Exercise material START

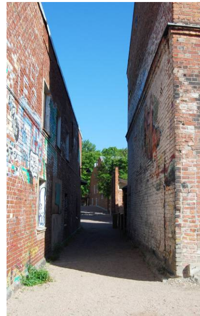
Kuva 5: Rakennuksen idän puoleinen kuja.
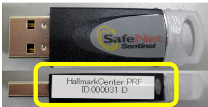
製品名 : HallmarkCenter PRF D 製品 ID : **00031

Exercise material END
Exercise material START

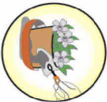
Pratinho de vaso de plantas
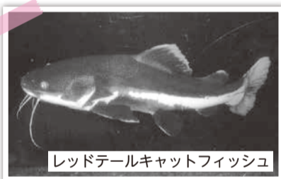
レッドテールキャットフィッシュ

Exercise material END

→ **Work order**:
Leave the pictures out, and transcribe exactly the lines above starting at the one that contains "Kuva 5: Rakennuksen idän puoleinen kuja." and ending at the one that contains "製品名 : HallmarkCenter PRF D 製品 ID : **00031".

→ **Response below**:
Kuva 5: Rakennuksen idän puoleinen kuja.
製品名 : HallmarkCenter PRF D 製品 ID : **00031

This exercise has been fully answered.